Member of the National Assembly of Pakistan
- In office 2013–2018
- In office 1997–1999
- In office 1990–1993

Personal details
- Born: 31 December 1947 Muzaffargarh, Pakistan
- Died: 24 January 2022 (aged 74)
- Party: Pakistan Peoples Party
- Children: Hina Rabbani Khar Raza Rabbani Khar
- Relatives: Ghulam Mustafa Khar (brother) Aaminah Haq (niece)

= Ghulam Noor Rabbani Khar =

Pakistani politician (1947–2022)

Malik Ghulam Noor Rabbani Khar (1947 – 24 January 2022) was a Pakistani politician who was a member of the National Assembly of Pakistan from September 2013 to May 2018.

==Political career==
Rabbani Khar was elected as the member of the National Assembly for the first time from two constituencies, NA-137 and NA-138, in 1990 Pakistani general election.

He was re-elected to the National Assembly for the second time in 1997 Pakistani general election.

Rabbani Khar was the father of Hina Rabbani Khar and the younger brother of Ghulam Mustafa Khar.

He couldn't run in the 2002 Pakistani general election because he did not have an undergraduate degree to his name.

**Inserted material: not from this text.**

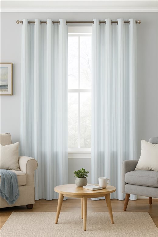 A classic design, Ticking Stripe 1 Duck Egg is a traditional ticking stripe fabric comprising cool blue and crisp white tones. The dense herringbone weave, which features centralised Ian Mankin ticking stripes in this design, delivers durability and makes it highly practical for upholstery, curtains, blinds, cushions and home accessories.

Rabbani Khar contested the seat of National Assembly on a ticket of Pakistan Peoples Party from NA-177 (Muzaffargarh) in 2013 Pakistani general election, but was unsuccessful.

He was re-elected as the member of the National Assembly on a ticket of Pakistan Peoples Party from NA-177 (Muzaffargarh) in by-election held in September 2013. The seat had become vacant after Jamshed Dasti who won it in 2013 election vacated it in order to retain the seat he won in his home constituency NA-178 (Muzaffargarh-III).

Rabbani Khar died on 24 January 2022 at the age of 74.